Ch. 14, v. 14: "Va'yorek es chanichov" - The gemara N'dorim 32b has three opinions, all sourced from this parsha, as to why the descendants of Avrohom had to endure the exile of Egypt. One opinion is that he took his students away from learning Torah to fight against the four kings, as mentioned in this verse. Another opinion is that he gave up the opportunity to bring more people close to Hashem when he allowed the king of Sdom to keep the captives of the war (see 14:22). The third opinion is that he slightly lacked in trust in Hashem by asking for a sign that would indicate that the land of Eretz Yisroel would become the inheritance of his offspring (see 15:8). B'ezras Hashem in Sefer Shmos we will explain how the exile rectified these shortcomings.

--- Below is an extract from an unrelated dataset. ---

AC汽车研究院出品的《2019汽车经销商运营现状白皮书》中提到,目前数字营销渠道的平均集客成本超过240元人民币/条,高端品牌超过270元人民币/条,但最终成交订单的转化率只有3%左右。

Ch. 14, v. 18: "U'Malki Tzedek"- Rebbi Meir of Primishlan passed through the city of Brod and visited the world reknowned poseik, HoRav Shlomo Kluger. They spent much time together, each amazed at the exhalted character traits of the other. Upon returning home to Premishlan, Rebbi Meir told his followers that he had learned much from HoRav Shlomo Kluger in serving Hashem through prayer, avodah, and that HoRav Shlomo Kluger had learned from him in matters of kindness, g'milus chasodim. Rebbi Meir said that we can now explain our verse which seems problematic. It starts by describing Malki Tzedek as a king. Then it says he gave Avrom bread and wine. Then it goes back to describing Malki Tzedek again as a Kohen, then back again to what he did, he blessed Avrom. Why the back and forth, and not giving us a continuous list of descriptions of who Malki Tzedek was, and then what he did? He answered that Avrom learned avodah from Malki Tzedek and Malki Tzedek learned g'milus chasodim from Avrom. The verse reads "And Malki Tzedek the king of Salem, "hotzi," extracted from his guest Avrom, "lechem vo'yo'yin," doing kindness by feeding guests, "v'hoo," and he, Avrom, extracted, "kohen l'Keil elyon," how to serve Hashem, from Malki Tzedek.

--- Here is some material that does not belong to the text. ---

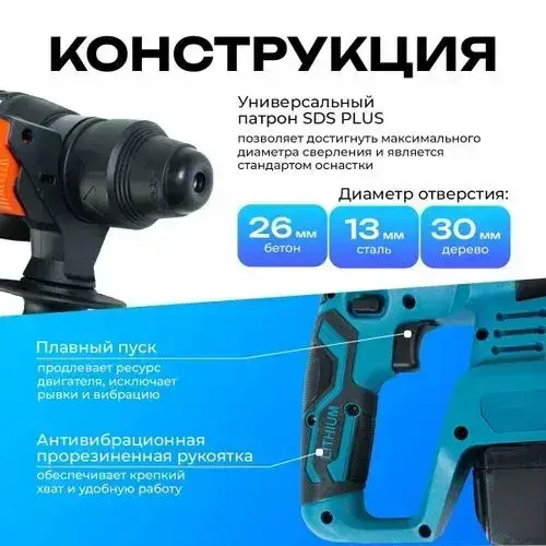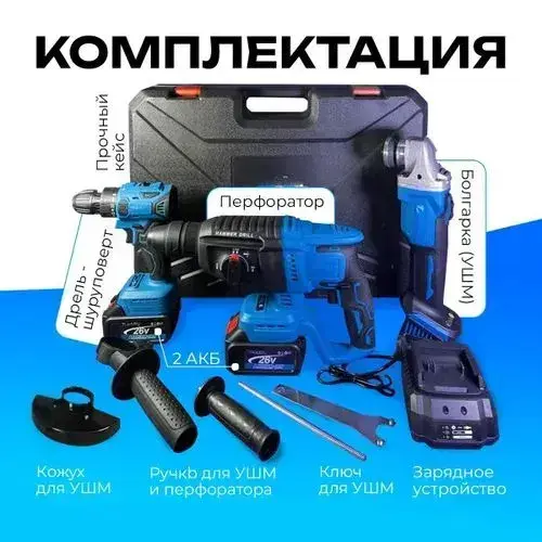 Набор аккумуляторного инструмента 3в1, шуруповерт, болгарка, перфоратор, 2 АКБ

The gemara N'dorim 32b says that since Malki Tzedek blessed Avrom before he blessed Hashem, he lost the opportunity of K'huna, priesthood, coming directly from him, and it was given to Avrom. Rashi in T'hilim 110:4 explains this to mean leadership to guide the world. There is a practical application of this concept. When one has a glass of wine or whiskey upon which he is about to make a brochoh and also wants to bless someone with a "l'chaim," he should not say l'chaim and then make the brochoh, but rather, make the brochoh, sip a bit and then give the l'chaim blessing. That way he has blessed Hashem first.

Ch. 14, v. 18: "Lechem vo'yoyin" - Why did Malki Tzedek offer these particular foods? The Bobover Rebbi zt"l answered that these items are symbollic of Avrohom's greatness. Bread is tastiest when fresh. Wine is most enjoyed when it is aged. Malki Tzedek was indicating to Avrohom that he had the enthusiasm and energy of a young person, similar to fresh bread. At the same time, he had the important traits of sage wisdom, calmness, and patience which usually come with age, similar to well aged wine.

Ch, 14, v. 23: " Mi'chut v'ad sroch na'al" - The Shulchan Oruch O.Ch. #2 says that one should put on his right shoe before his left one, but tie his left shoe first, similar to the binding of tefillin, where one binds the shel yad onto his left upper arm. Upon learning the gemoros Shabbos perek Kol Kisvei, one sees that many articles of clothing had right and left laces that were tied to keep them in place. If so, why is this halacha only mentioned regarding shoelaces? Possibly the types of clothing mentioned in the gemara were not commonplace at the time of the Shulchan Oruch and not mentioned, but indeed if one were to wear something that requires tying both a right and left side, the left comes first. However, the Tosfos Rebbi Akiva Eiger on the above halacha quotes the sefer Eimek Hamelech, who says that since the gemara Sotah 17a says that in the merit of Avrom's saying that he would not even accept a shoelace, his descendants merited to have tefillin straps, it is specifically by the tying of shoelaces that we copy the tying of tefillin, and by no other garment.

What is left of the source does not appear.